City plans to plant thousands of new trees


By Rachel Parsons
For The Hub

The City of Los Angeles’ Green New Deal really means green—as in leaves.

Officials want to see 90,000 new trees planted in the city’s sparsest and hottest neighborhoods by 2021 by giving them to residents for free.

“This is so exciting to me because it’s what I’m passionate about,” said City Forest Officer Rachel Malarich. She is the first to hold the position created by Mayor Eric Garcetti.

The plan to plant so many trees in the next year is the first stage of what Malarich called the deal’s “equity goal” of increasing tree canopy cover in the city’s highest-need neighborhoods by 2028.
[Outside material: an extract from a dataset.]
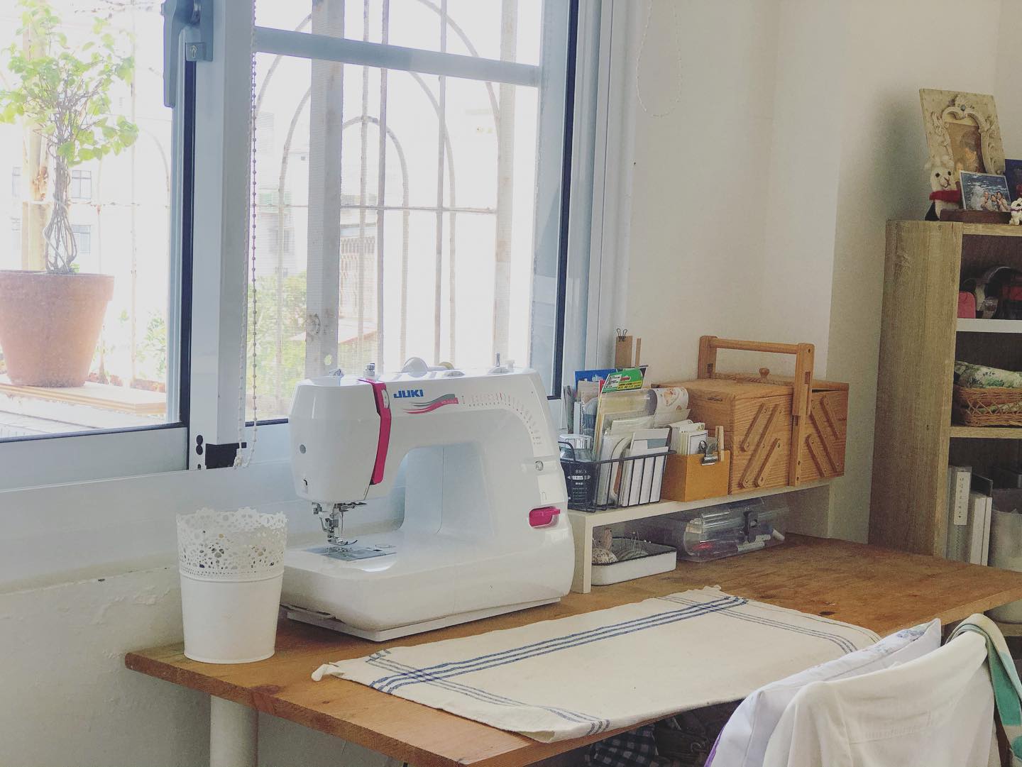 (工作室的兩張桌子,一張拿來畫畫工作、一張拿來縫紉aka大叔的桌子)
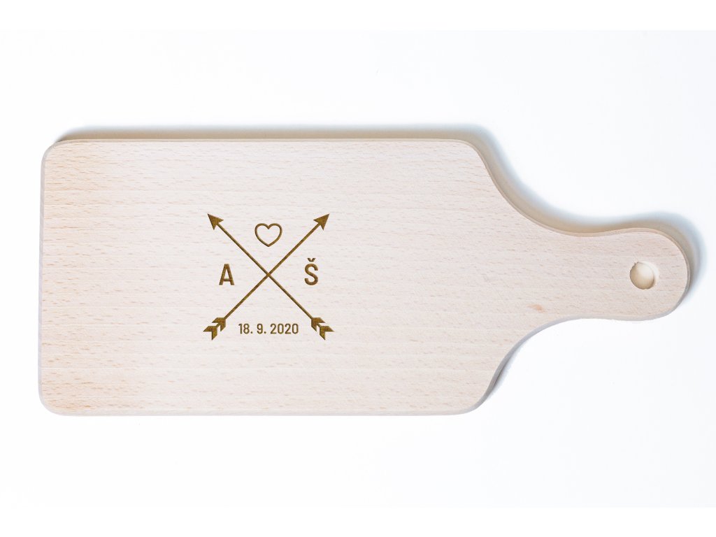 Toto dřevěné svatební prkénko s iniciálami a datem svatby je krásným symbolem spojení dvou lidí. Motiv zkřížených šípů se srdcem vyjadřuje lásku, směr a společnou cestu, na kterou se novomanželé vydávají. Prkénko se tak stane nejen praktickým pomocníkem, ale i trvalou vzpomínkou na svatební den.

Research published this year by a team from Portland State University found that low-income neighborhoods tend to suffer the effects of extreme heat events more than wealthier ones in part because they have fewer trees and less vegetation, generally.
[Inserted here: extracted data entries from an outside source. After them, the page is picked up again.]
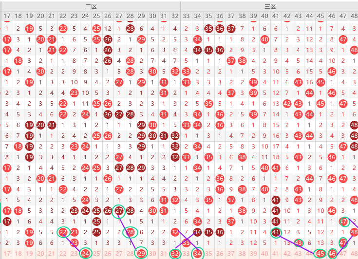 二区胆尾2尾4尾,边号18 20 22 24出1码,重号19 23二出一,形态上24 29 32是斜连号,上图已勾画,短期规律隔一号隔一期出一次那么本期22 25 28 32出一码,二区本期应该是走热趋势大概率出3-5码,结论关注五码18 24 25 29 32  防17
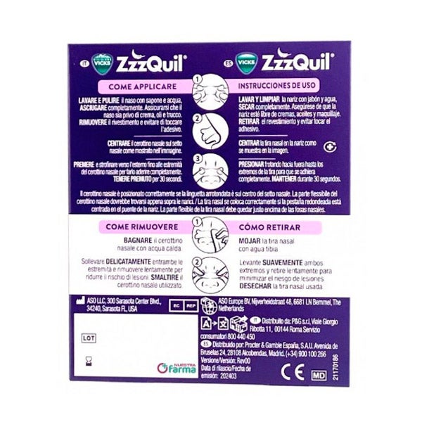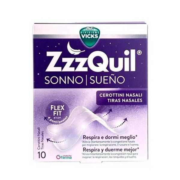 ZZZQUIL Sueño Tiras Nasales han sido creadas para favorecer una respiración más libre y contribuir a un descanso nocturno profundo al disminuir los ronquidos y optimizar la entrada de aire por la nariz.
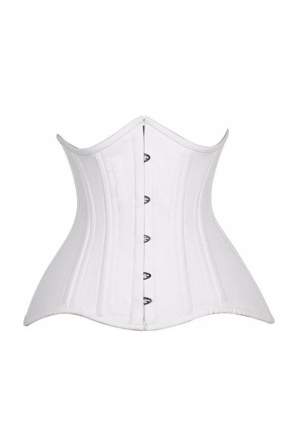 Top Drawer Curvy White Cotton Double Steel Boned Under Bust Waist Cincher Corset
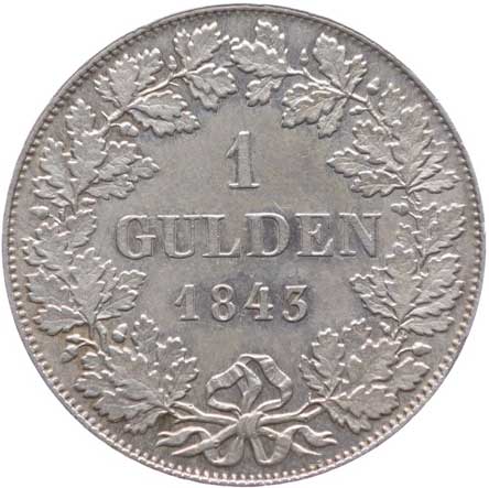 1202. 1 Gulden 1843, KM.316 tém.0/0 2400,- --.-
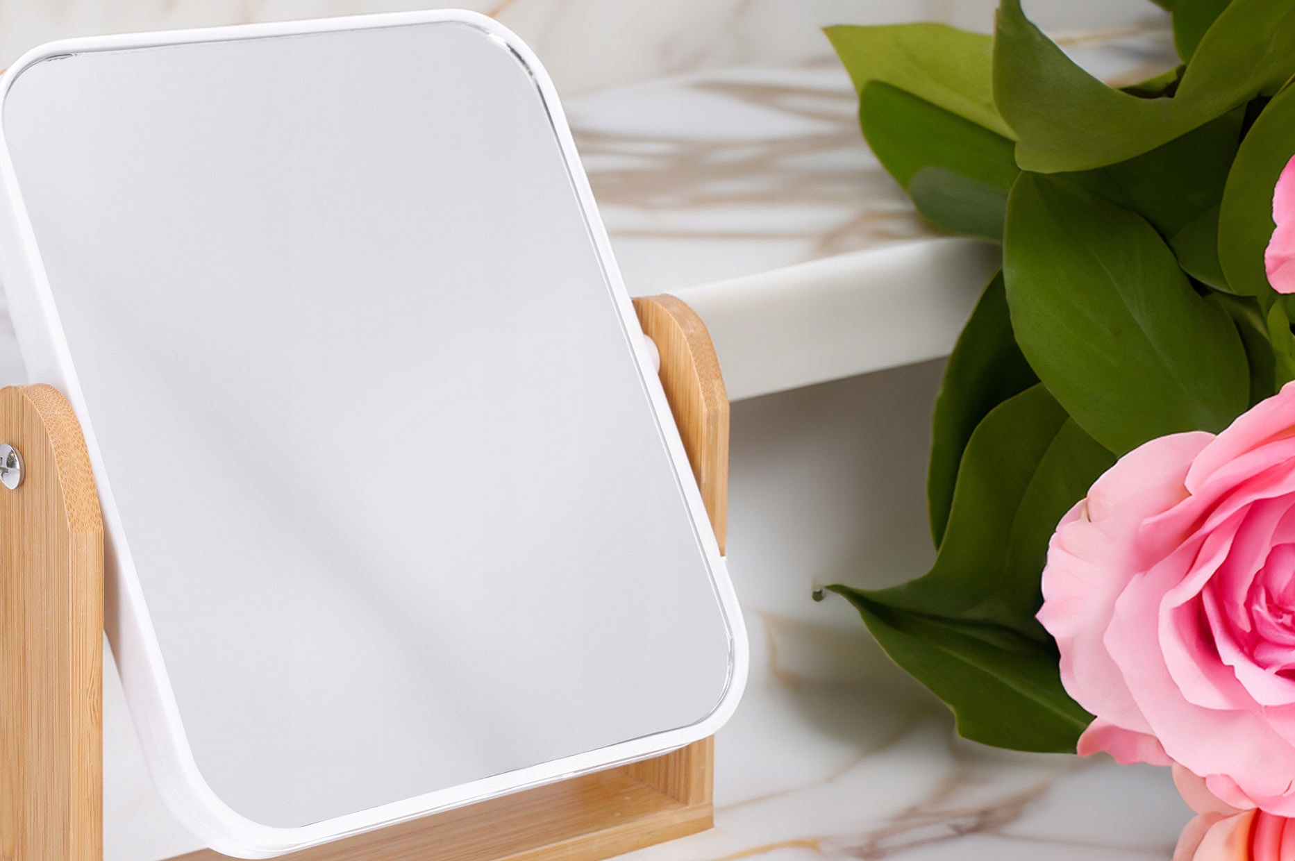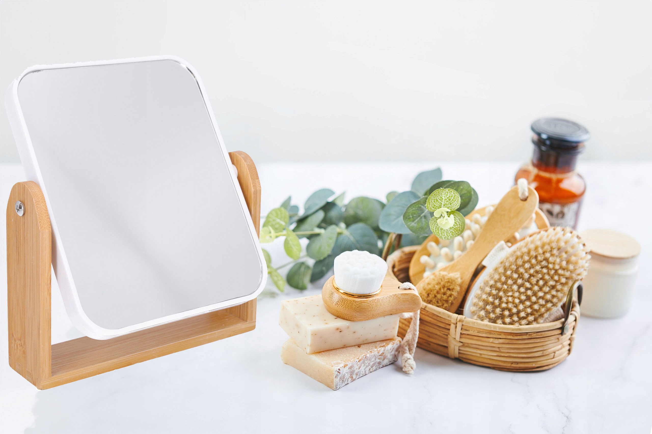 ✅ Стиль - ніжна біла рама та підставка з бамбука надають цьому дзеркалу елегантний мінімалістичний вигляд, який пасує до будь-якого інтер’єру.

Vivek Shandas, lead researcher on the paper, which focused on data from Portland, has worked with Los Angeles stakeholders on the same issue. He said there is significant temperature variation from one neighborhood to the next in LA. This may not come as a surprise to longtime Angelenos, but the urban heat island effect—that a city is hotter than its rural surroundings—combined with a steadily warming overall climate means within an already blistering set of neighborhoods, such as in central and eastern Los Angeles, there could be up to a 20-degree variation because of several factors including a lack of trees.

“And that, for particularly communities that don’t have a lot of access to cooling resources, that could be a difference between life and death,” Shandas said. “Especially for those living in second, third, fourth story buildings without air conditioning. We’ve seen that being a major [potential for] fatality.”

Critics of the push to plant this many trees point to the potential increase in water usage in a region that is already water insecure.

“It is important to consider the water footprint that trees (and grass) have and that Los Angeles is an arid region,” said Jeremy Pal, an environmental engineer at Loyola Marymount University. “Getting water to LA uses massive amounts of energy [which creates] greenhouse gases. I know this is not as popular, but I prefer reflective surfaces and xeriscaping as a solution to heat islands over planting trees because of the water-energy footprint.”

The city and county intend to address that increase in water demand partly through revenues from Measure W, a county parcel tax passed in 2018, that will be used to capture stormwater that currently empties into the ocean.

Michele Romolini, managing director of the Center for Urban Resilience pointed out that, although it might seem counterintuitive, in the long run, trees save water.

“We lose so much of our water to runoff,” she said. “leaves actually slow down water as it falls from the sky and then it kind of trickle[s] down the trunk and is absorbed into the roots and the root systems … So we’re not losing some of the water that’s coming into the system, even though they do take water to grow, obviously.”

Romolini added that people feel connected to trees in their communities in ways that they do not with reflective surfaces.

According to Rachel Malarich, the trees that the city is giving away are not native species but are drought resistant and require less water than some native trees once they are established. She also pointed to the social benefits of having more trees like lower obesity and asthma rates in high-canopy neighborhoods.

“A huge factor for me is that trees help us feel more connected to each other and in our communities,” Malarich said. “What has always driven my work is making sure that this resource is part of our public infrastructure and it plays such a huge role in making our communities livable, fun, safe. That’s something that should be equally accessed by all Angelenos.”

Los Angeles distributes young trees at regular events through City Plants, a public-private partnership. City Plants partners advise homeowners on tree selection and deliver saplings free of charge.